La condesa cogió su bastón, se levantó y se acercó lentamente a una peana situada en una esquina, donde reposaba un busto de Isabel. Era una obra austera por tardía. La mujer que reproducía había recibido la peor de las heridas, una que no se cura jamás: la muerte de un hijo. Sobre el camisolín que cubría el cuello, se erigía el bello rostro, marcado por el dolor pero orgulloso, altivo incluso bajo la corona de trenzas. El rostro de un ser que, no teniendo ya nada que perder, desafiaba al destino y a la muerte. La anciana dama apoyó una mano acariciadora sobre el hombro de mármol.

—Elsa le profesa culto, y yo creo que se complace en acentuar su parecido. Sea como sea, si se tapa la cara no es por prudencia; ella la desconoce. Pero no me pregunte la razón porque no se la diré.

—Como quiera. ¿Sabe que dicen que es hija de la emperatriz y de Luis II de Baviera?

—¡Eso es ridículo! Basta mirar las fechas. Cuando ella nació, en 1888, nuestra soberana ya no estaba en edad de procrear.
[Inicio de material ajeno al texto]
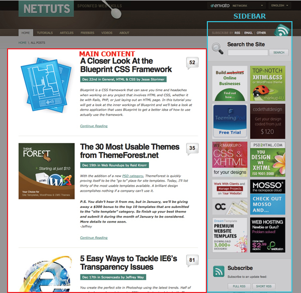 你可能有強(qiáng)烈的愿望去填充這些頁(yè)面上的空白,但是請(qǐng)不要這么做。“空白”也是相當(dāng)重要的。你可以看看NetTuts網(wǎng)站是如何有效的使用空白區(qū)域的,創(chuàng)建了頁(yè)面平衡給人一個(gè)好的感覺(jué)。
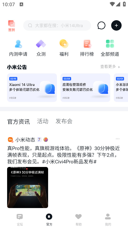 小米社区是小米粉丝的聚集地,也是科技爱好者的交流乐园。在这里,你能第一时间获取小米新品动态、技术解析,参与官方活动赢取丰厚福利。社区内用户活跃,分享使用经验、玩机技巧,还能反馈产品问题,助力小米产品优化。无论是资深米粉,还是初入小米世界的新手,都能在小米社区找到归属感,与众多同好一起探索科技的无限可能。

—Lo sé, pero de todas formas es de la familia. Y la imaginación popular está ahí, sobre todo entre los húngaros, que nunca han dejado de venerar la memoria de la que fue su reina, pero al mismo tiempo hay gente que se ha jurado borrar toda huella de una dinastía detestada; los que asesinaron a Rodolfo en Mayerling, a la propia Isabel en Ginebra, a Francisco Fernando en Sarajevo, por no hablar de los mexicanos que fusilaron a Maximiliano. Ellos tenían sus razones, pero sé que hay quien se pregunta si la enfermedad que se llevó el año pasado al joven emperador Carlos, en Madeira, era realmente una enfermedad...

—¡Qué estupidez! ¿Acaso la miseria y la falta de salud no son suficientes? Una maldición, podría ser, pero yo no creo que haya personas encargadas de aplicarla. Y menos teniendo en cuenta que Carlos deja ocho hijos. Con su madre, la emperatriz Zita, y las archiduquesas Gisela y Valeria, sin contar a la hija de Rodolfo, hacen un total de bastantes príncipes y princesas todavía vivos, gracias a Dios.
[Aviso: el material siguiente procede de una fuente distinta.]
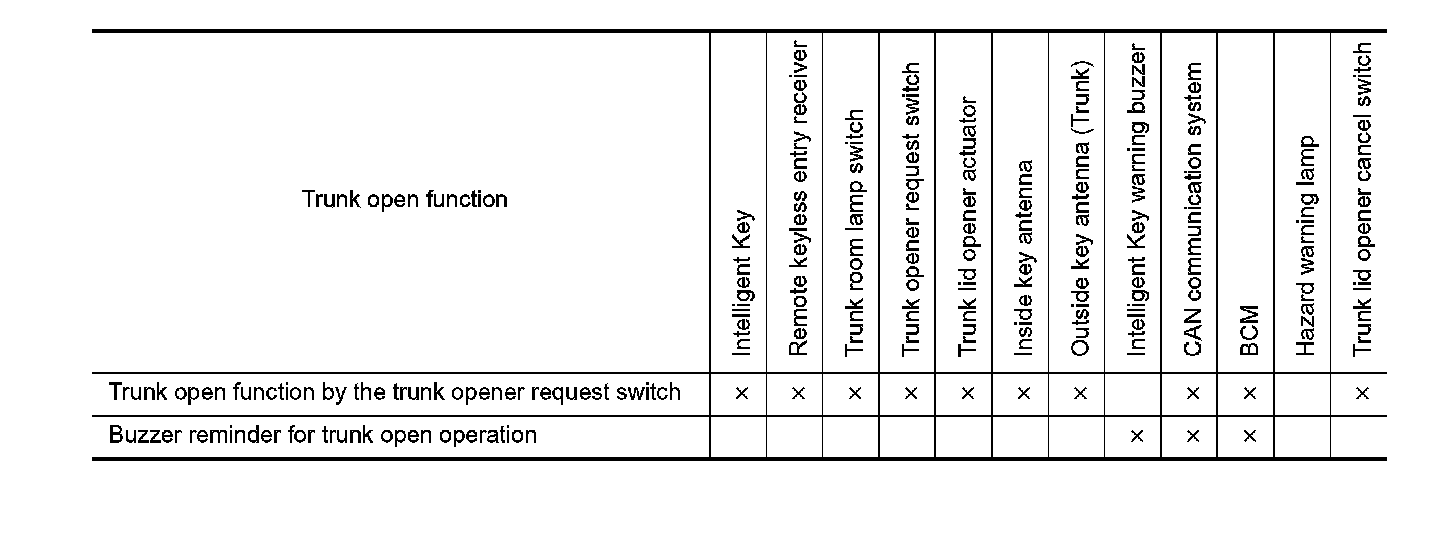- When BCM receives the trunk open request signal, it operates the trunk lid opener actuator and opens the trunk.

—Piense lo que quiera. En cualquier caso, han llegado advertencias a la policía: están buscando a su protegida, y si no toma precauciones...

—Hace quince años que las tomo contra los únicos enemigos que me consta que tiene: los que codician las joyas que posee y que constituyen su único bien. Nadie sabe dónde vive salvo yo y los que la protegen. En cuanto a los tres viajes que ha hecho a Viena, han sido siempre de noche.

—Pero se aloja en su casa, ¿no? Sus sirvientes...

—Me sirven desde hace muchos años y están fuera de toda sospecha. Podría decirse que forman parte de la familia. En resumen, ¿qué ha venido a pedirme? ¿Que convenza a Elsa de que no vuelva a abandonar su retiro? Haré todo lo posible en ese sentido porque el último viaje no fue bien. Lo que no significa que vaya a conseguirlo; cuando se ha visto renacer un sueño que se había creído muerto, resulta difícil renunciar a él. Especialmente a ella; su mente sólo comprende de verdad lo que le conviene y obvia lo demás. Su vida, querido Alejandro, no es sino una larga espera: ver de nuevo algún día al que hace doce años le regaló una rosa de plata y le hizo promesas de amor.